**Description of the task**. Would you repeat every entry below word for word but drop the images?

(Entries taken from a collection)

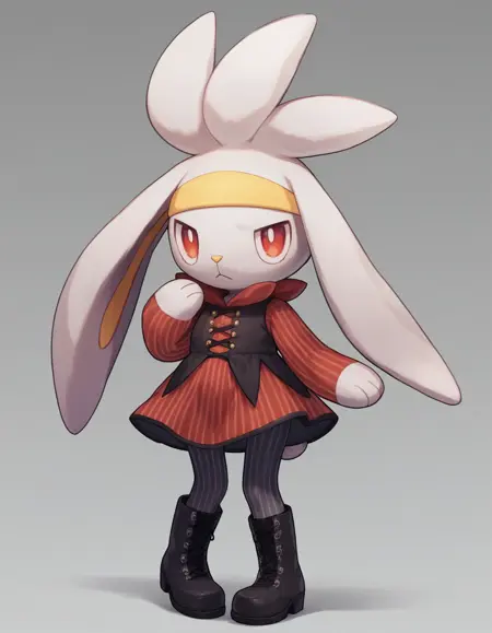 基础提示词: raboot, 白色皮毛, 下垂的耳朵, 兔耳朵, 兔尾巴, 红眼睛, 看着观众, 毛茸茸的雌性, 黄色发带
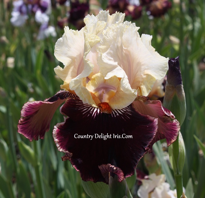 ‘Taste The Magic’ (Barry Blyth, R. 2004). TB, 38″ (97 cm). Early to midseason bloom. Standards oyster creamy white with an overlay of soft peach at midrib, spreading about halfway over petal, some peach veining over the remainder; falls deep cherry-black with 3/16″ defined edge of standards color, few striking white lines at base; very bright tangerine beard. Keppel, Tempo Two 2006, 2006/07.
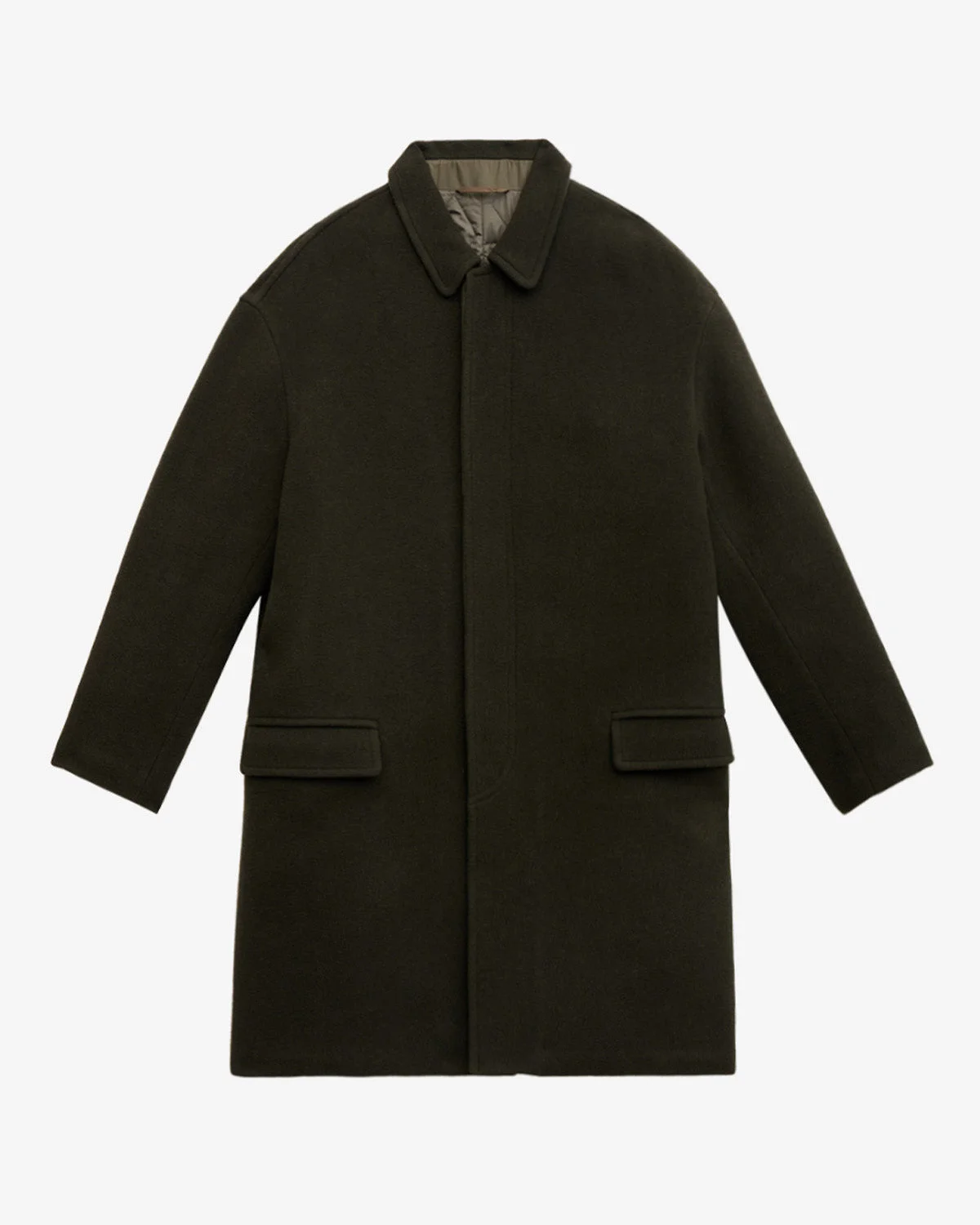 Long wool blend coat Shirt collar Long sleeves Buttoned front Flap pockets on the sides Quilted lining Straight cut Style: MA0461HAC3D05H67DK DENTON 75% wool, 25% polyamide
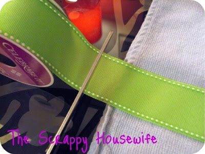 First you’ll cut your ribbon to the length you need, plus a little extra to fold under so you get a clean edge.
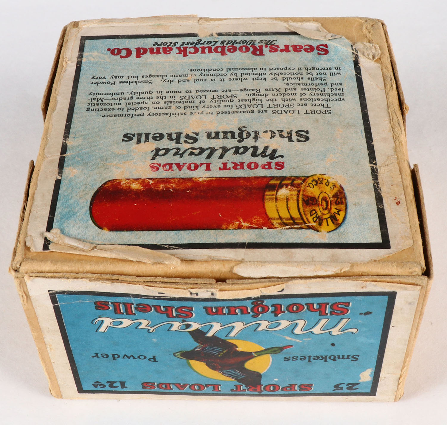 Sears Roebuck & Co., Sports Loads MALLARD, 12ga., 2pc., Partial 14rds., shot size 5 Ch, buff box with multi colored label that pictures a Mallard flying with a yellow moon in background, box has light age soiling with scuffing, paper shells are excellent. Grade: Very Good ++ - Value: 60 to 300
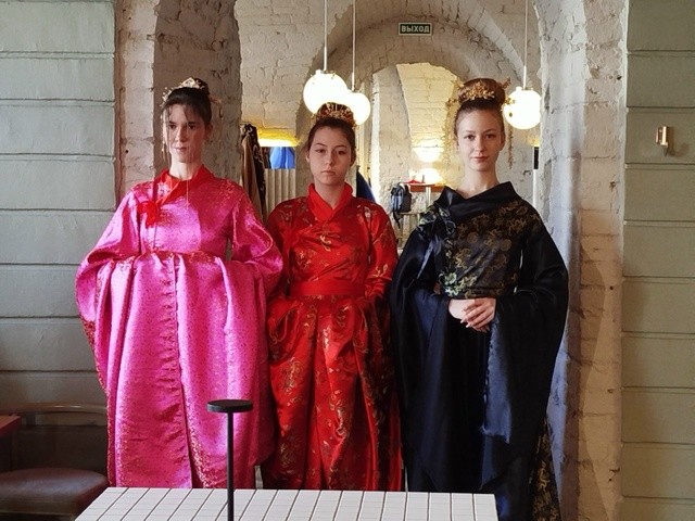 Модели прошлись по импровизированному подиуму под традиционную китайскую песню в исполнении Ли Юйцзя и Ван Цзяи - студенток Уральской государственной консерватории имени М.П. Мусоргского, где 17 марта стартует V Международный российско-китайский музыкальный фестиваль.
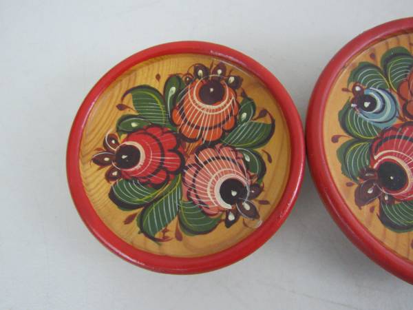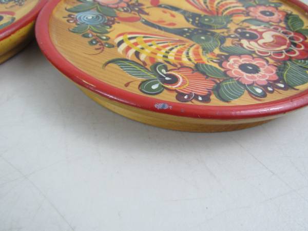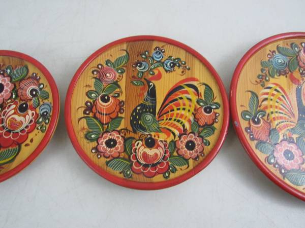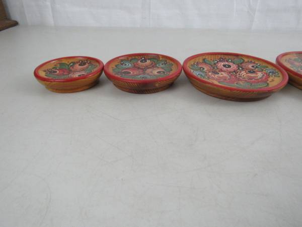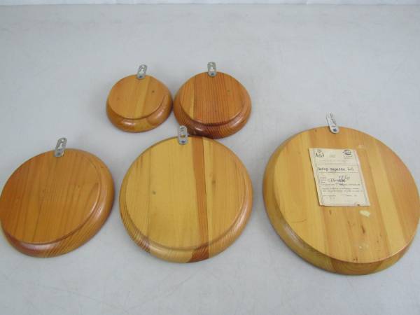 The plates are 3 3/4" up to 7 1/2" width X 7/8" thickness. Can be wall mounted. Good condition with some minor usage wear scratches, scuffs, and paint chips. For decorative purposes only. See photo's
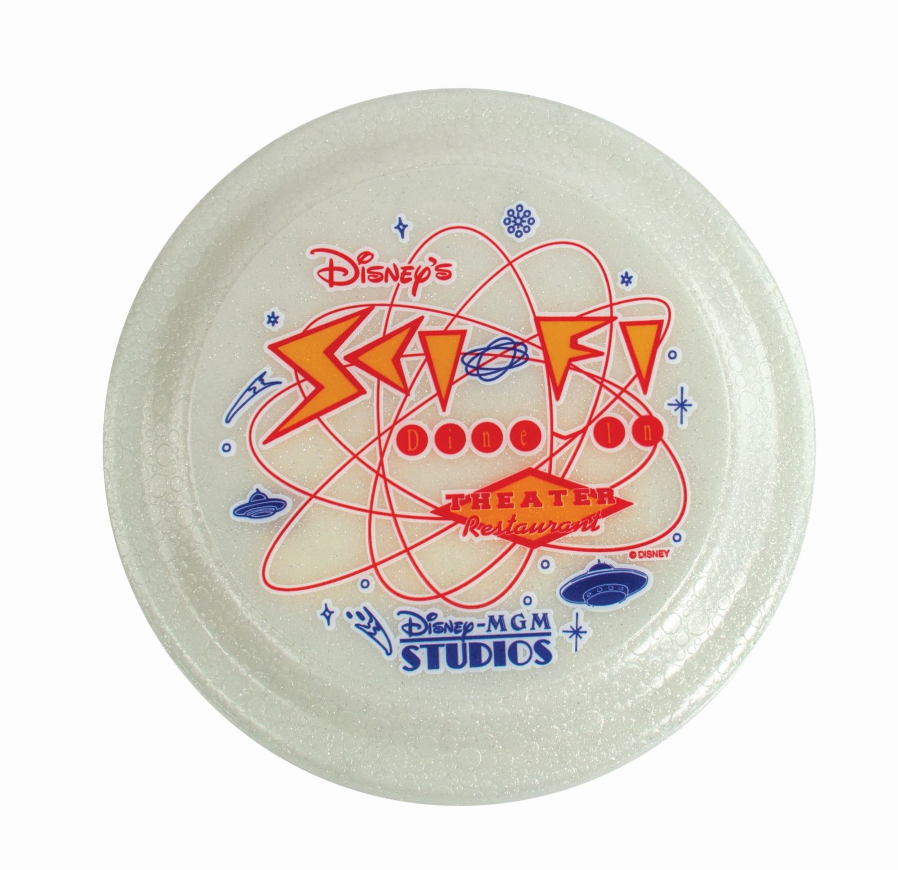 (Disney-MGM, 1990s) A rare souvenir frisbee from the Sci-Fi Dine-In Theater Restaurant. Based on a 1950s drive-in theater, this charming restaurant is just as much of a fan favorite for its atmosphere as it is for its cuisine. This frisbee features the logo for the restaurant on the surface and measures 9" in diameter. The condition is very good with little wear.

**Response**.
 基础提示词: raboot, 白色皮毛, 下垂的耳朵, 兔耳朵, 兔尾巴, 红眼睛, 看着观众, 毛茸茸的雌性, 黄色发带
 ‘Taste The Magic’ (Barry Blyth, R. 2004). TB, 38″ (97 cm). Early to midseason bloom. Standards oyster creamy white with an overlay of soft peach at midrib, spreading about halfway over petal, some peach veining over the remainder; falls deep cherry-black with 3/16″ defined edge of standards color, few striking white lines at base; very bright tangerine beard. Keppel, Tempo Two 2006, 2006/07.
 Long wool blend coat Shirt collar Long sleeves Buttoned front Flap pockets on the sides Quilted lining Straight cut Style: MA0461HAC3D05H67DK DENTON 75% wool, 25% polyamide
 First you’ll cut your ribbon to the length you need, plus a little extra to fold under so you get a clean edge.
 Sears Roebuck & Co., Sports Loads MALLARD, 12ga., 2pc., Partial 14rds., shot size 5 Ch, buff box with multi colored label that pictures a Mallard flying with a yellow moon in background, box has light age soiling with scuffing, paper shells are excellent. Grade: Very Good ++ - Value: 60 to 300
 Модели прошлись по импровизированному подиуму под традиционную китайскую песню в исполнении Ли Юйцзя и Ван Цзяи - студенток Уральской государственной консерватории имени М.П. Мусоргского, где 17 марта стартует V Международный российско-китайский музыкальный фестиваль.
 The plates are 3 3/4" up to 7 1/2" width X 7/8" thickness. Can be wall mounted. Good condition with some minor usage wear scratches, scuffs, and paint chips. For decorative purposes only. See photo's
 (Disney-MGM, 1990s) A rare souvenir frisbee from the Sci-Fi Dine-In Theater Restaurant. Based on a 1950s drive-in theater, this charming restaurant is just as much of a fan favorite for its atmosphere as it is for its cuisine. This frisbee features the logo for the restaurant on the surface and measures 9" in diameter. The condition is very good with little wear.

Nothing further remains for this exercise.